Now you're a man, a man man man

I always wonder when I see people (okay, predominantly teenage girls) write stories about manly man characters acting completely emasculated. I guess swooning over staggeringly sensitive men who act like no interesting and competent human being ever would isn't unexpected for young women but why choose these dudes dripping with machismo? I suppose it's entirely possible to be attracted to the aesthetic of the macho soldier types but still be so unapologetically girly that they still want to see them acting like shy, sensitive Twilight stand-ins á la any novel with Fabio on the cover, but then you have the alarmingly popular trend of people who not only rewrite the character to act like a stammering, flower-picking ponce, but completely redo their aesthetic to make them young and long-haired with delicate-as-a-flower features. If you say you like Ganondorf, but in your head Ganondorf is a seventeen year old Japanese vampire prince with hair like a Kingdom hearts character, who goes to starbucks and gives Link butterfly kisses.... well... you don't really like Ganondorf at all.

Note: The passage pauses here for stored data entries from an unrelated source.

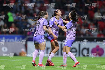 Toluca, Estado de México, 5 de enero de 2026. Karen Díaz, Amogelang Motau y Michel Fong en festejo de gol, durante el partido correspondiente a la jornada 1 del torneo Clausura 2026 de la Liga BBVA MX Femenil, entre las Diablas Rojas del Toluca y las Xolas de Tijuana, realizado en el estadio Nemesio Diez. Foto: Imago7/ Jesús Esquivel
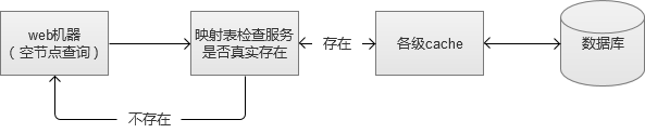 当我们搭建完前面所说的全部服务,认为Web系统已经很强的时候。我们还是那句话,新的问题还是会来的。空节点查询,是指那些数据库中根本不存在的数据请求。例如,我请求查询一个不存在人员信息,系统会从各级缓存逐级查找,最后查到到数据库本身,然后才得出查找不到的结论,返回给前端。因为各级cache对它无效,这个请求是非常消耗系统资源的,而如果大量的空节点查询,是可以冲击到系统服务的。
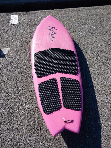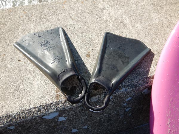 ひとしきり乗ったあとは、これもやっぱり大好きなニーボード。先日、先っぽを切ったフィンを試してみました。

At least I know that if I ever want to carve out a chunk of the teenage girl market for myself, I can sell fancomics about a 98 pound Marcus Fenix going to highschool and taking bubble baths. Hey, who am I to judge? Maybe all the face-poundings that came with dressing like an emo-goth-skater-hipster and writing sad poetry are what motivated Mr. Fenix to pick up a weight set and start carving out his way to Delta Sergeant.


That said, here is a picture of something unabashedly manly. consider it an apology from me to all of you on behalf of Girls On the Internet. Depending on how things go he might end up showing up in some comics, and I guarantee it will involve nothing but eating meat, blasting heavy metal, firing guns, and amassing harems of bikini models.